Now what I would like to do is this:

class A; include Common
  # custom part for A
end
class B; include Common
  # custom part for B
end

I want A, B inherit both instance and class methods from Common module. But, of course, that does not work. So, isn't there a secret way of making this inheritance work from a single module?

It seems inelegant to me to split this into two different modules, one to include, the other to extend.
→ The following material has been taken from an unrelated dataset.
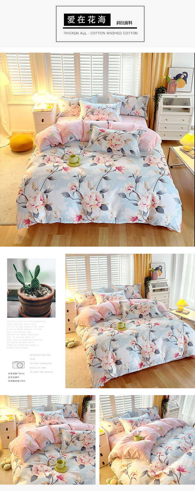 love in the flower sea: 1.8m bed sheet four-piece set (quilt cover 180*220)

Another possible solution would be to use a class Common instead of a module. But this is just a workaround. (What if there are two sets of common functionalities Common1 and Common2 and we really need to have mixins?) Is there any deep reason why class method inheritance does not work from mixins?

Answer

Sergio Tulentsev picture Sergio Tulentsev · May 21, 2012

A common idiom is to use included hook and inject class methods from there.

module Foo
  def self.included base
    base.send :include, InstanceMethods
    base.extend ClassMethods
  end

  module InstanceMethods
    def bar1
      'bar1'
    end
  end

  module ClassMethods
    def bar2
      'bar2'
    end
  end
end

class Test
  include Foo
end

Test.new.bar1 # => "bar1"
Test.bar2 # => "bar2"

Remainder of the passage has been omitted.